4. Please include your full ethics statement in the ‘Methods’ section of your manuscript file. In your statement, please include the full name of the IRB or ethics committee who approved or waived your study, as well as whether or not you obtained informed written or verbal consent. If consent was waived for your study, please include this information in your statement as well.

Response: Full name of the IRB of record and the consent statement have been included under “Ethical considerations”

Additional Editor Comments:

The authors present a review of infant/child mortality rates by HIV-exposure status of attendees at immunization clinics in Uganda in the context of a mature maternal HIV treatment programme. Mortality rates were significantly higher in infants/children of younger mother who were HIV exposed.

The manuscript is well-written but requires revision in preparation for publication.

1. Language. As noted by Reviewer 2, there is a move towards patient-centered language in the HIV field. Women living with HIV, prevention of vertical transmission of HIV etc. Please adjust all language in the title, abstract and manuscript.

Response: The manuscript has been reviewed and the language edited to match the patient-centered language.

2. Please provide more detail with respect to the Methodology and Results as described by both reviewers.

Response: Edited to provide the details.

3. Please consider review of the limitations in light of the reviewer comments.

Response: Reviewed and edited to address the reviewer’s comments.

4. In addition, there are further queries and clarifications noted by the reviewers which will strengthen the paper.

Reviewers' comments:

Reviewer's Responses to Questions

Comments to the Author

1. Is the manuscript technically sound, and do the data support the conclusions?

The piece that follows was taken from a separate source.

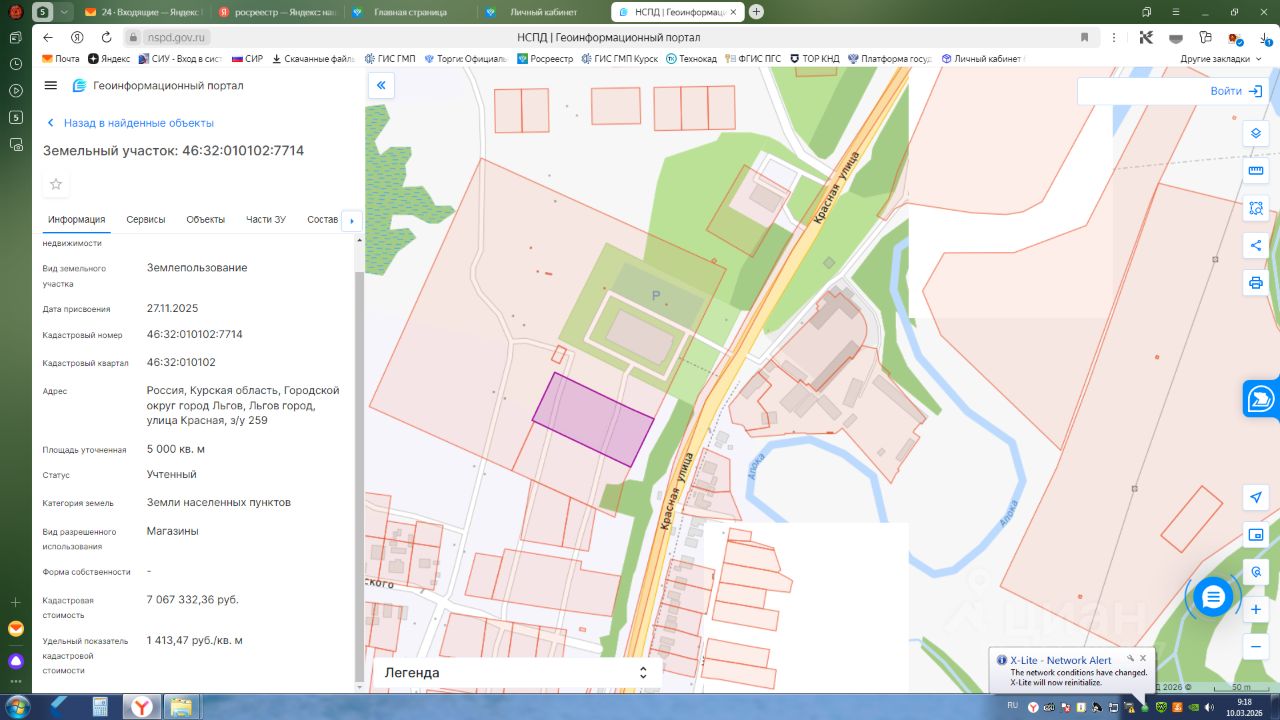 Адрес (описание местоположения): Курская область, г.Льгов, ул. Красная, з/у 259 Кадастровый номер: 46:32:010102:7714 Кадастровая стоимость: 7067332 руб. 36 коп. Общая площадь: 5000 кв.м. Категория земель: земли населенных пунктов. Разрешенное использование: Магазины.
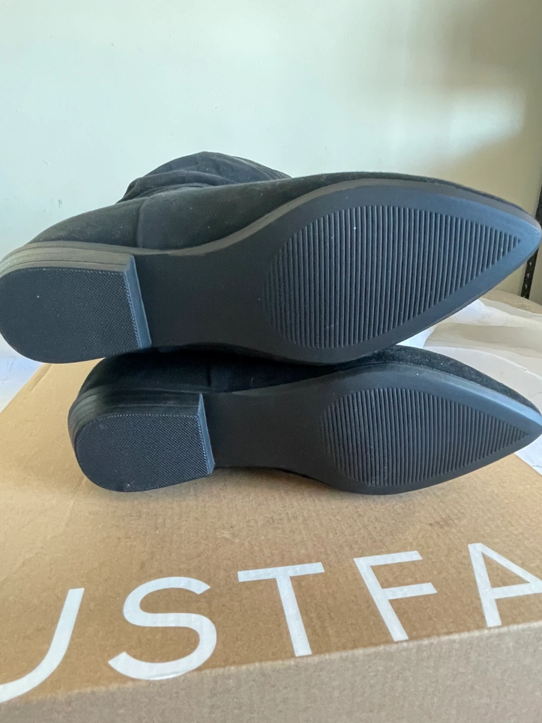 These are black suede flat boots from JustFab. They're a size 6 and have a ruched shaft design. Comes with the original box. They have never been worn.

The manuscript must describe a technically sound piece of scientific research with data that supports the conclusions. Experiments must have been conducted rigorously, with appropriate controls, replication, and sample sizes. The conclusions must be drawn appropriately based on the data presented.

Reviewer #1: Partly

Reviewer #2: Partly

________________________________________

2. Has the statistical analysis been performed appropriately and rigorously?

Reviewer #1: No

Reviewer #2: I Don't Know

________________________________________

3. Have the authors made all data underlying the findings in their manuscript fully available?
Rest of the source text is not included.